What to produce -> Images should be omitted while the rest of the data is duplicated exactly.
*** Dataset excerpts Section Begins ***
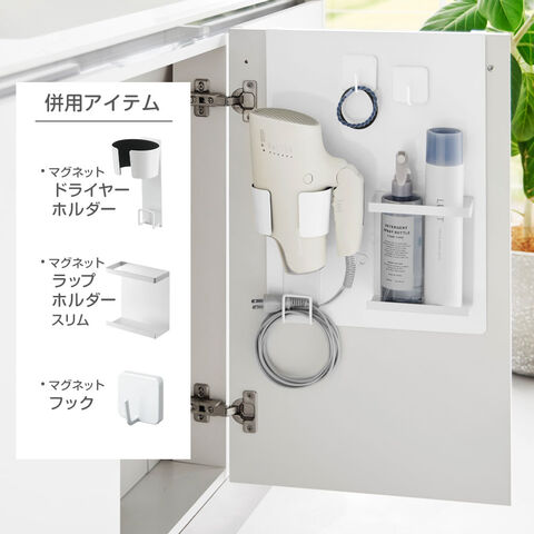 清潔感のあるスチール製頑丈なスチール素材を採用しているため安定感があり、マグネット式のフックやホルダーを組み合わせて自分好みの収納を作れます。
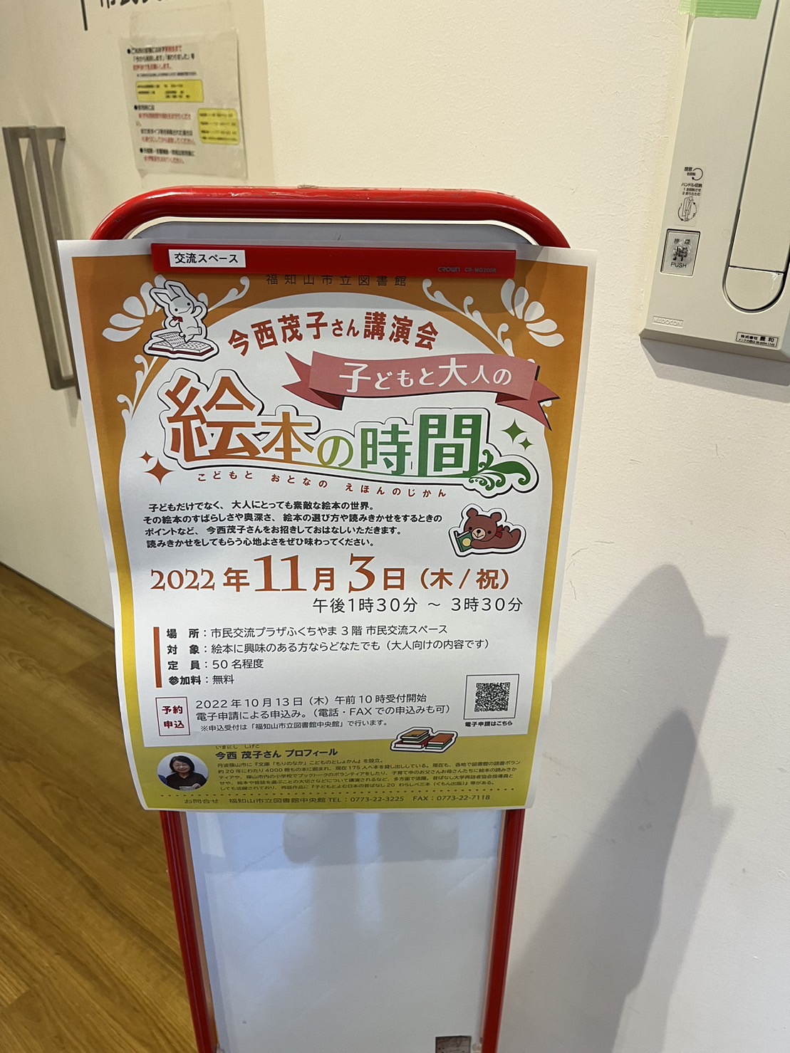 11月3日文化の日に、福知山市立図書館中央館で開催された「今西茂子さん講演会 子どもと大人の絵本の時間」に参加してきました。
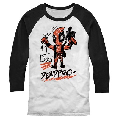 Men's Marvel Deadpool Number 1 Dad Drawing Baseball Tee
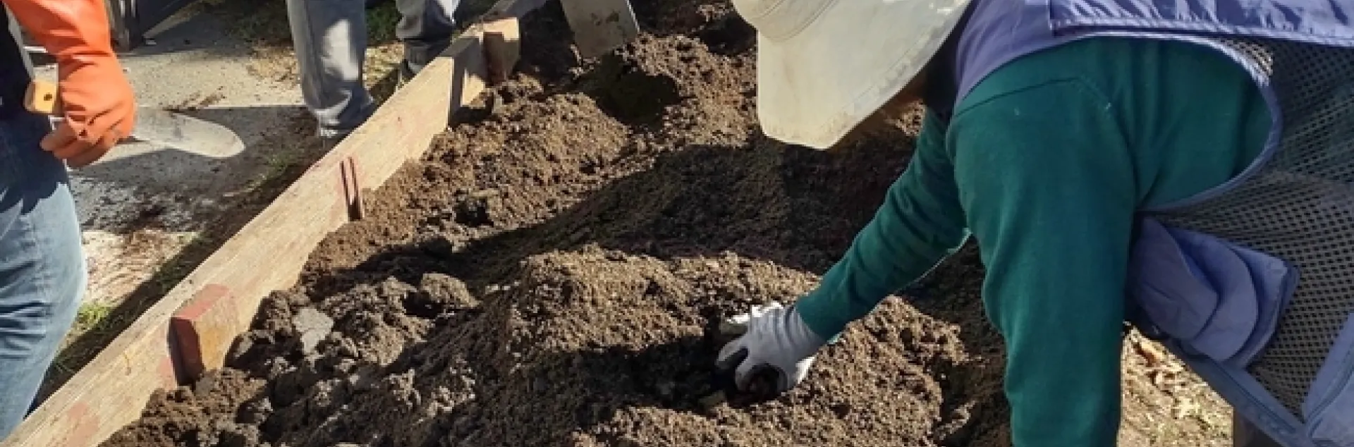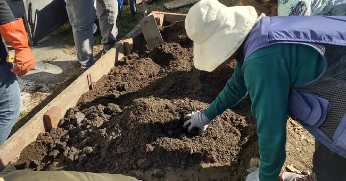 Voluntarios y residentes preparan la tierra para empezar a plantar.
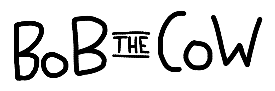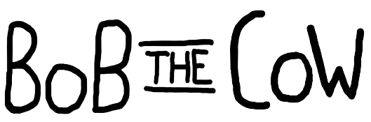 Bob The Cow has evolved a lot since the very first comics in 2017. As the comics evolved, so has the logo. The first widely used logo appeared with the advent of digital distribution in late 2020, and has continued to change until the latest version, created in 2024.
*** Dataset excerpts Section Ends ***
Task answer ->
 清潔感のあるスチール製頑丈なスチール素材を採用しているため安定感があり、マグネット式のフックやホルダーを組み合わせて自分好みの収納を作れます。
 11月3日文化の日に、福知山市立図書館中央館で開催された「今西茂子さん講演会 子どもと大人の絵本の時間」に参加してきました。
 Men's Marvel Deadpool Number 1 Dad Drawing Baseball Tee
 Voluntarios y residentes preparan la tierra para empezar a plantar.
 Bob The Cow has evolved a lot since the very first comics in 2017. As the comics evolved, so has the logo. The first widely used logo appeared with the advent of digital distribution in late 2020, and has continued to change until the latest version, created in 2024.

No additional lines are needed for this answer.